Результатом постоянных переохлаждений явилось воспаление надпочечников. Чаще всего у ивановцев, после года-двух обливаний, начинала отказывать печень. И уже не помогали ни диеты, ни чистки, ни голодания: белки глаз у всех желтели, суставы, особенно когда-либо травмированные, гнулись со скрипом и болями, появлялась неугомонная озлобленность. Старшие товарищи страдали и умирали от преждевременных сердечных приступов. А у неё вот не выдержали почки. Скоро отдельные приступы слились в единую пытку. Боль была не переносимой, Вера стонала и каталась по дивану, ища и не находя хоть минутного забытья. И вдруг, словно что-то стукнуло в висок: она на четвереньках подползла к рабочему столу, с криком вырвала верхний ящик и, ничего не видя, нащупала среди рассыпавшихся бумаг карманный календарик. Приставив к спинке перед собой изображение Божией Матери Иверской, она так и простояла перед ним на коленях почти сутки. Облокотившись локтями и грудью на диван, она то в голос молилась наивными, но искренне идущими со слезами словами, то, ощутив какое-то облегчение, дремала. И боль её оставила.

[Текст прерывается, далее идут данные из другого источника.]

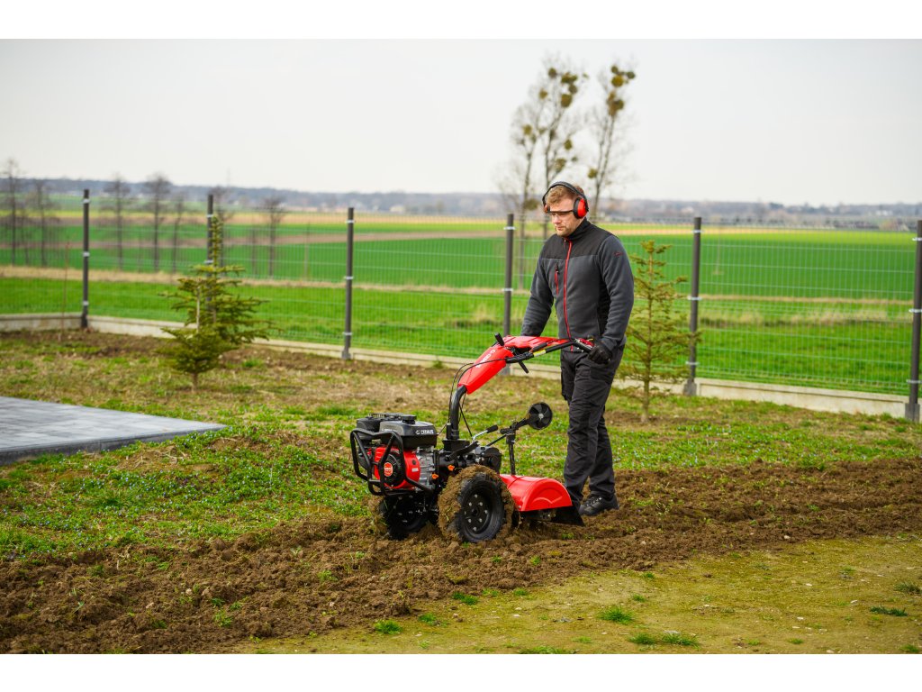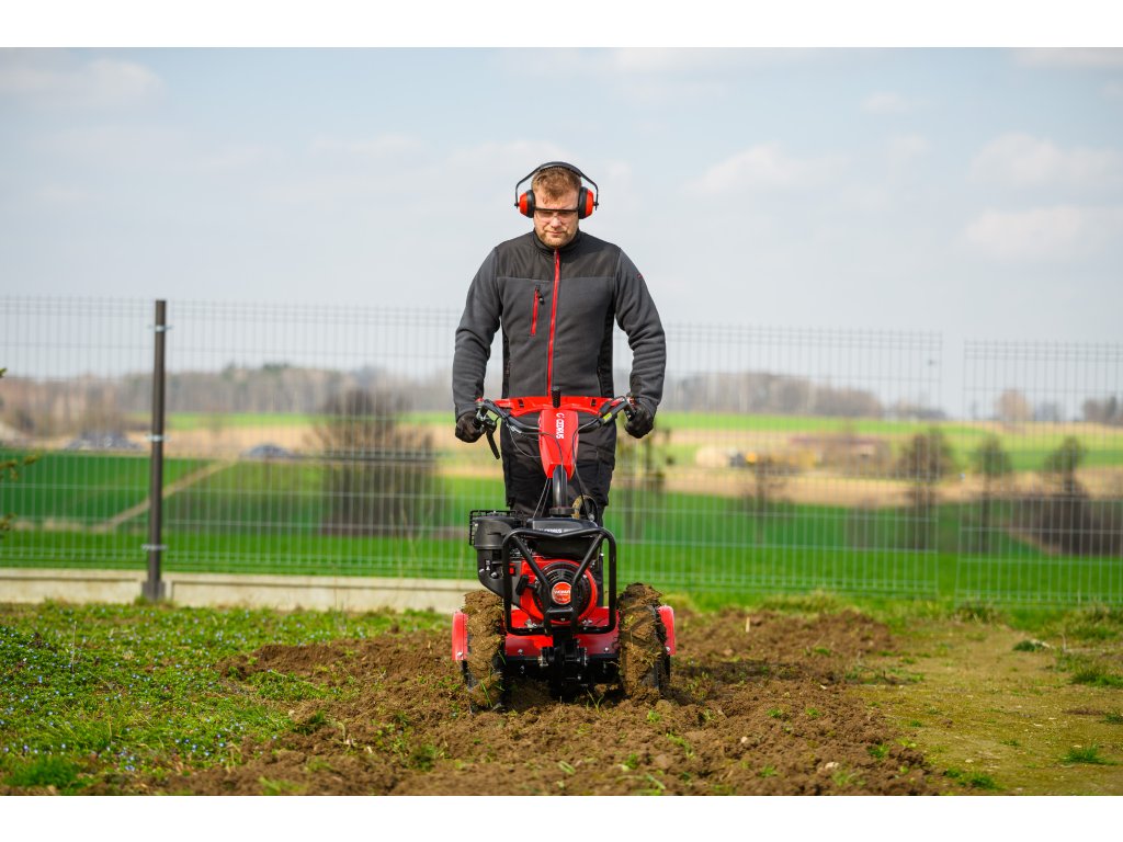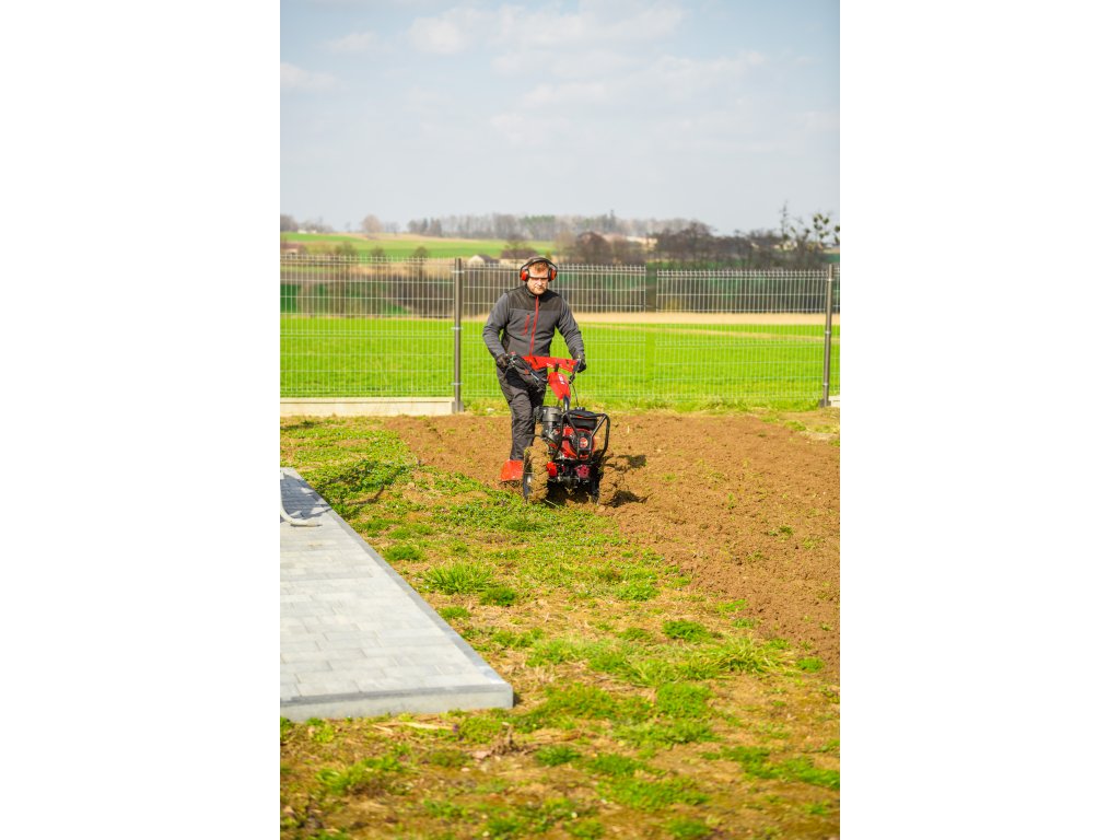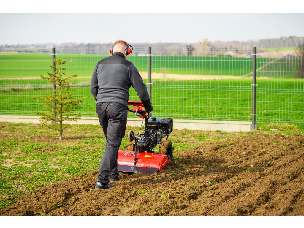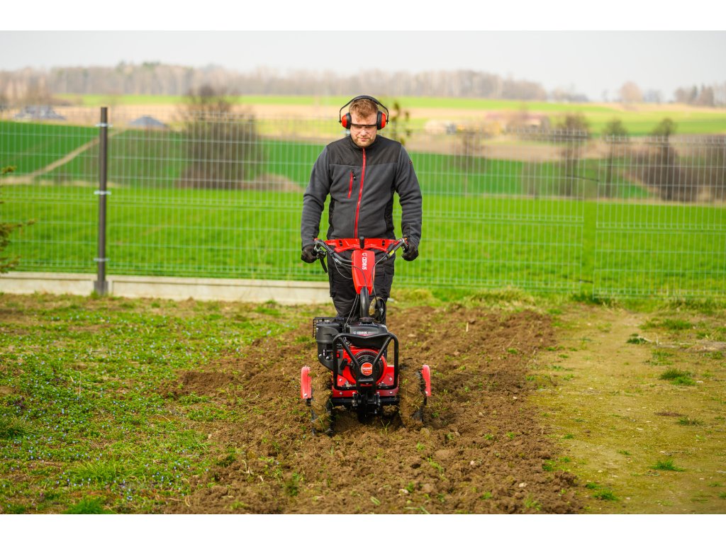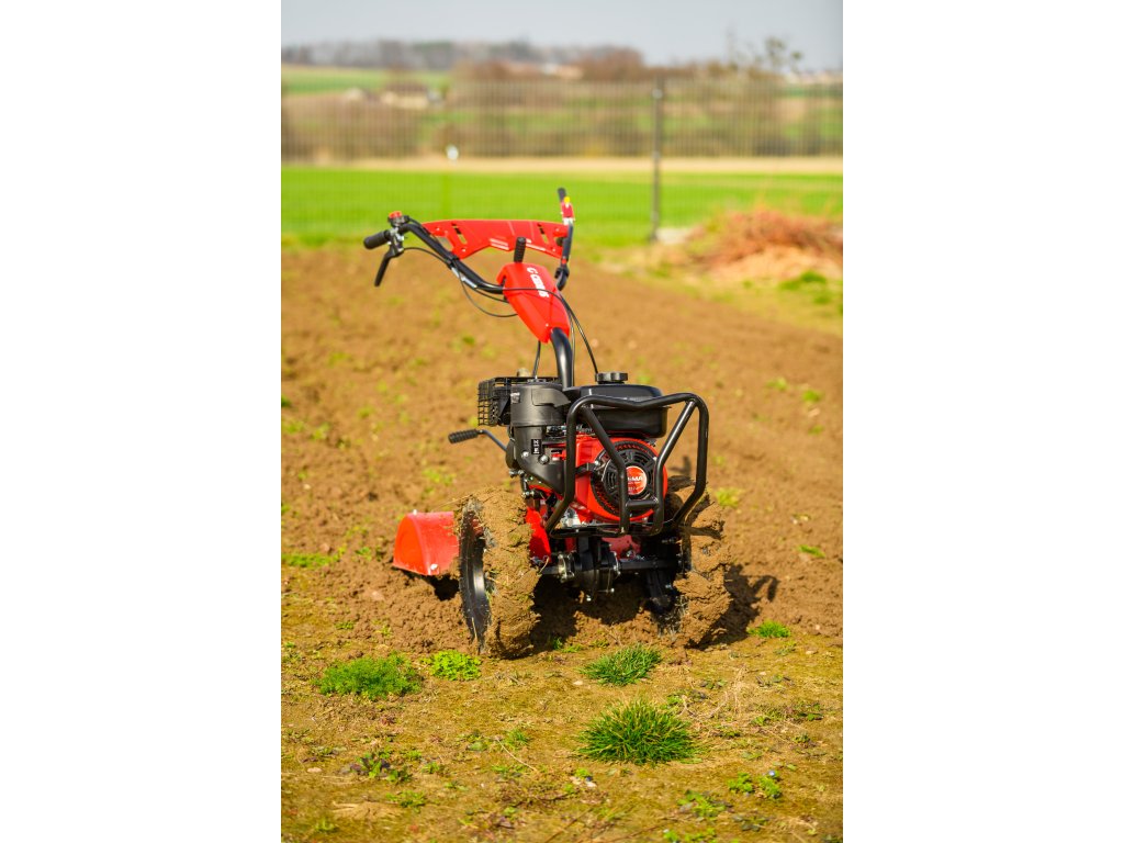 - Díky šířce záběru 620 mm a nastavitelné pracovní hloubce více než 100 mm umožňuje efektivní zpracování půdy i v těžších podmínkách. Robustní konstrukce zajišťuje dlouhou životnost a vysokou odolnost při každodenním používání.

Потом была долгая, тугая депрессия. Весь мир по кругу отгородился от Веры толстым и пыльным стеклом. Словно она оказалась под огромным мутным колпаком, куда с трудом проникали звуки, а краски становились серо-блеклыми, с каким-то едва уловимым фиолетовым оттенком. По ночам мучили удушливые, переливающиеся бесформенным перламутром кошмары, а потом и сами ночи не стали ничем отличаться от таких же пугающе мутных дней. Она даже ложилась теперь только на пол, а на диване её "покачивало". Самым уютным было сидение в углу за столом, без понимания происходящего и в отсутствии всяческих желаний. Кажется, даже вестибулярный аппарат отказывал, словно Вера утеряла под собой всякую опору и мучительно медленно тонула в густой клейстерно-слизистой массе, без всяких понятий право, лево, верх, низ… Психбольницы удалось избежать, и с работы она уволилась сама. В какой-то момент неудержимо сильно потянуло куда-то "домой". К родителям? Или просто в детство.

Тут пришла телеграмма, что умер отец, и Вера поехала на родину в уже отделившийся границей самостийный Казахстан. Ночной пейзаж за окном поезда буквально иллюстрировал её душевную хлорную сухость: чахлая бесконечная лесополоса за волнами провисших проводов, неожиданный ярко освещенный переезд, и снова лесополоса, лесополоса. Да огромный ковш Медведицы в чёрном безлунном небе… А днём старенький "ПАЗ" так же укачивающе тащился по совершенно пустой пропылённой узкой шоссейке с выщербленным асфальтом. Несколько тощих серых пирамидальных тополей обозначили прибытие в детство. Здесь не появилось ничего нового. Почти как было. Только прежнее теперь всё стало каким-то маленьким, убогим, сиротливо покинутым: посёлок третий год населяли безработные. Кто смог, тот уехал, кто не смог - промышлял подсобным хозяйством, извозом или разбоем. После большого города для Веры всё вокруг выглядело каким-то игрушечно не настоящим, не таким, как хранилось в памяти. Ведь даже школа ей помнилась выше, чище, солидней.